» **PROBLEM TO WORK ON**
Among the entries below, retype exactly the lines starting with the one with "Including Floating Fish" and going on through the one with "你區(qū)《關(guān)", but not the pictures.

#### RECORDS SHOWN

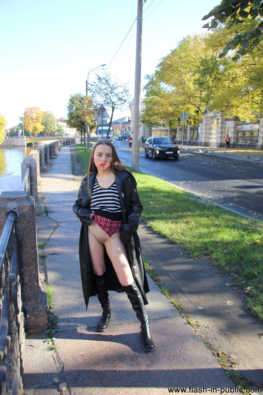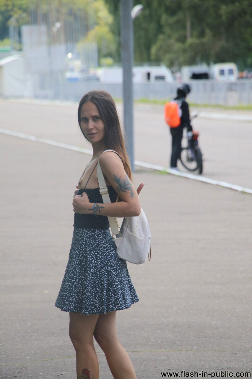 Flash In Public, like its name implies is all about public flashing, voyeurism, showing off and in some cases even full public nudity. In its base it caters to the subtle erotica of young and beautiful girls giving you erotic views of their bodies in public places. So it is our girls sharing this erotic secret with you through our lenses by opening their coats, pulling up their skirts or anything of the like, that people around do not necessarily know about. However there are many instances where -at first unsuspecting- bystanders did notice and depending on the girls' personality that caused her to either freeze, or to just get really fired up and provocatively showing off to them, which seems to be the case most of the times with our daring girls. At other times we had some really wild girls, who just enjoy to be in the center of attention and public flashing as well as everyone around enjoying the views of their nude bodies just appears to be all they ever wanted.
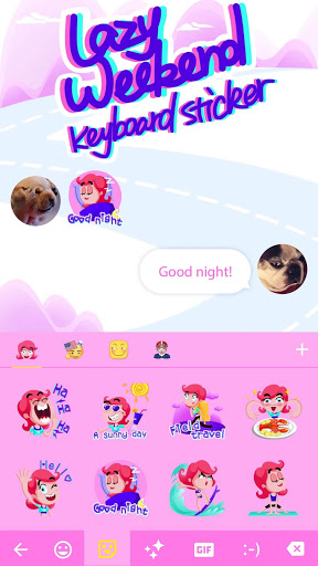 Lazy Weekend Keyboard Sticker contains a variety of beautiful & funny stickers. It makes your chatting funny and vivid.Do you like fancy and cute stickers?Lazy Weekend Keyboard Sticker is the best choose for you.Share your impressions with our stickers!
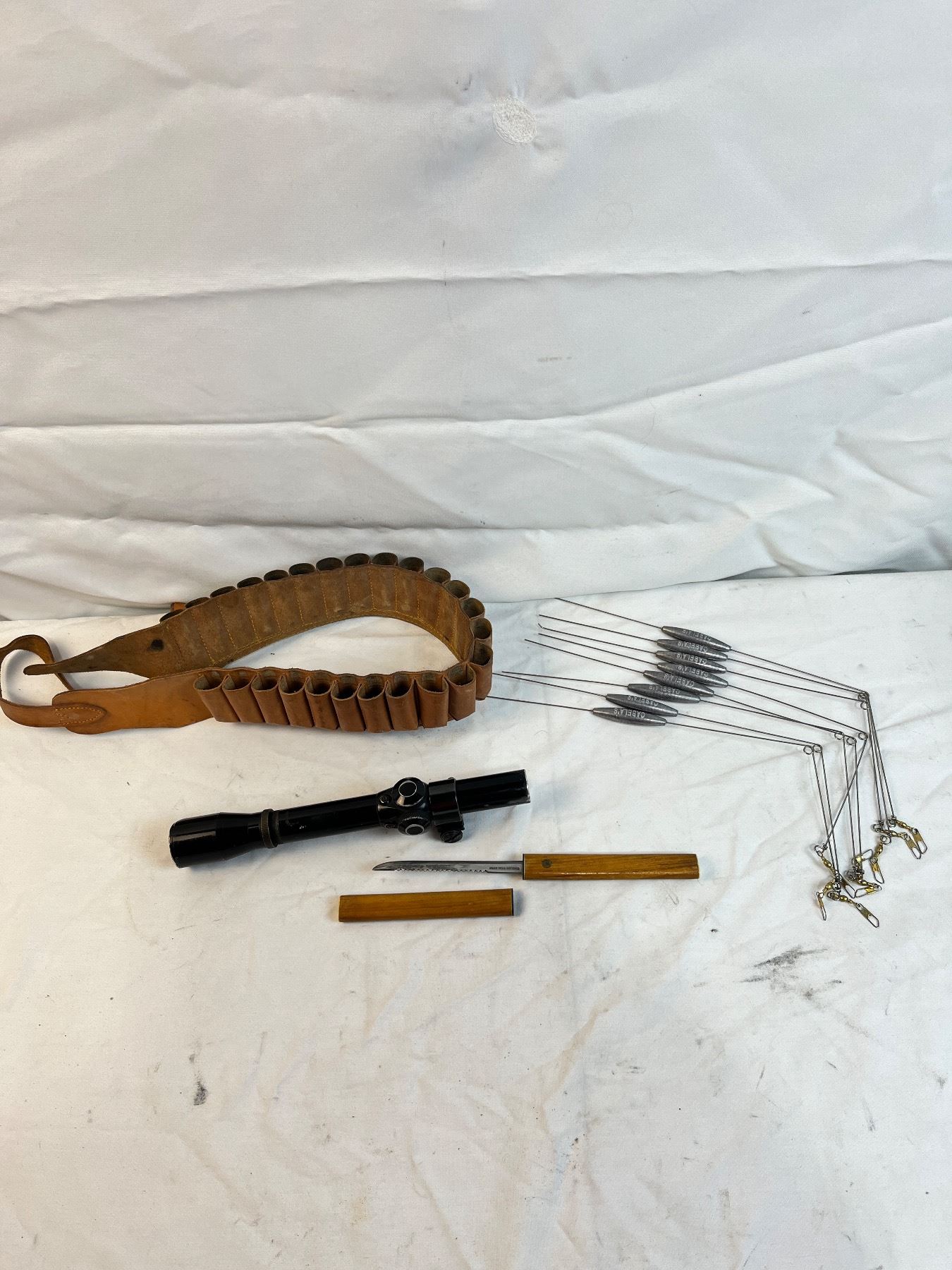 Including Floating Fish Knife, Bullet Belt, & Fishing Weights & Bushnell Scope Chief 2.5x (Lense is Dented)
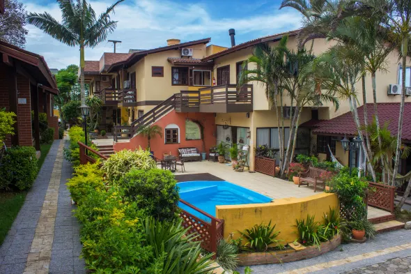 Hostel with outdoor pool, communal kitchen, and free Wi-Fi, located near Canasvieiras Beach in Florianópolis.
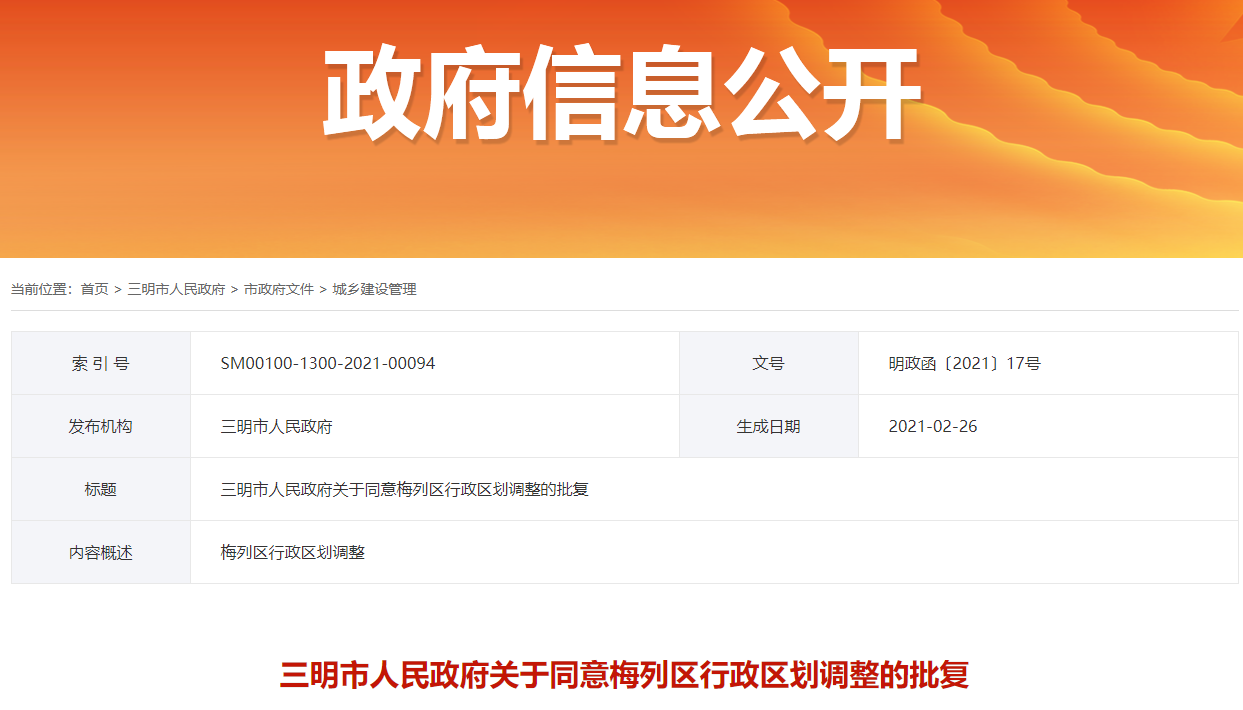 你區(qū)《關(guān)于提請申報梅列區(qū)行政區(qū)劃調(diào)整的請示》(梅政文〔2020〕50號)收悉。經(jīng)報國務(wù)院批準(zhǔn)、福建省人民政府同意,現(xiàn)批復(fù)如下:
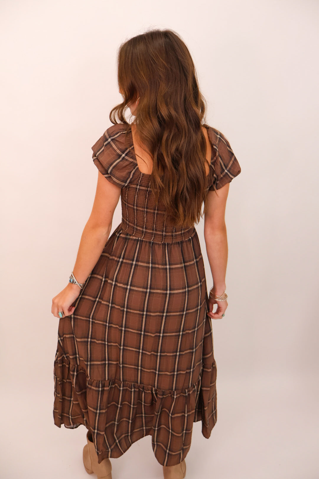 Meet your new fall favorite — the Brown Plaid Midi Dress blends timeless plaid with a flattering, feminine silhouette! Featuring a square neckline, puff sleeves, and a smocked bodice, this dress fits like a dream while still being incredibly comfortable. The tiered skirt moves beautifully whether you’re walking through the pumpkin patch or heading to a casual dinner date.
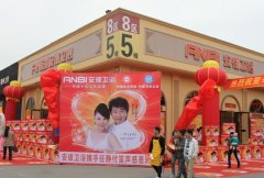安彼卫浴成都富森店携手付笛生任静感恩回馈消费者。成都安彼富森店内外装扮喜庆,现场
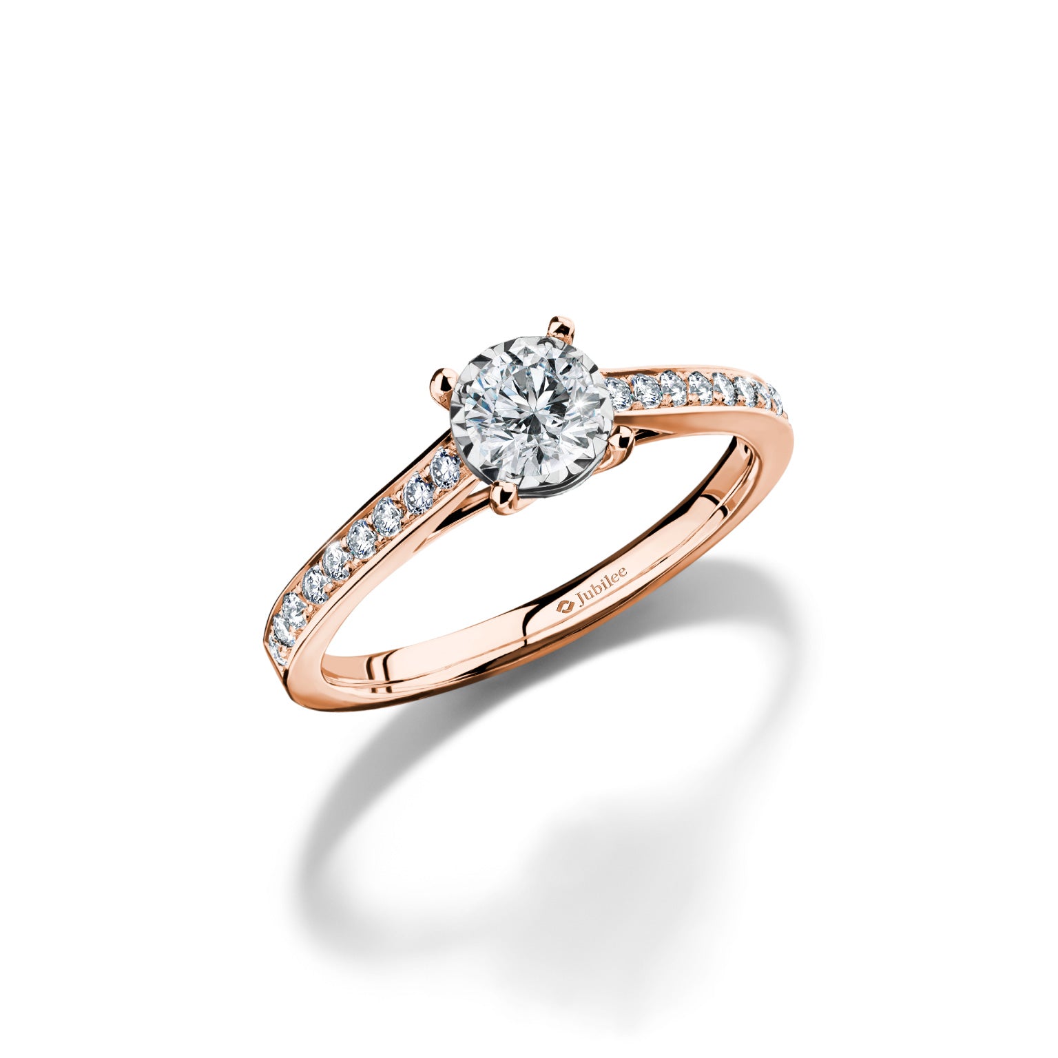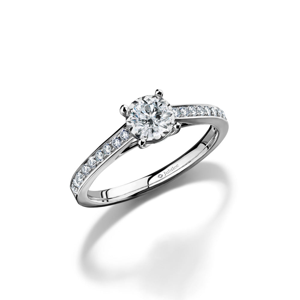 Round Brilliant-Cut Diamond: The round brilliant-cut center diamond sparkles with the most dazzling sparkle, providing a superior beauty.
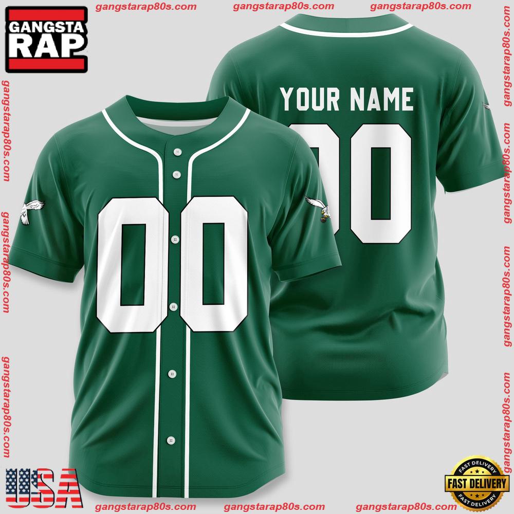 This jersey stands out with its high-quality fabric and exceptional comfort, making it ideal for any activity, from game days to casual outings. The shirt combines the timeless appeal of a baseball jersey with the modern styling and colors of the Philadelphia Eagles, making it a versatile addition to your sports wardrobe.

########

» **RESPONSE BOX**
 Including Floating Fish Knife, Bullet Belt, & Fishing Weights & Bushnell Scope Chief 2.5x (Lense is Dented)
 Hostel with outdoor pool, communal kitchen, and free Wi-Fi, located near Canasvieiras Beach in Florianópolis.
 你區(qū)《關(guān)于提請申報梅列區(qū)行政區(qū)劃調(diào)整的請示》(梅政文〔2020〕50號)收悉。經(jīng)報國務(wù)院批準(zhǔn)、福建省人民政府同意,現(xiàn)批復(fù)如下:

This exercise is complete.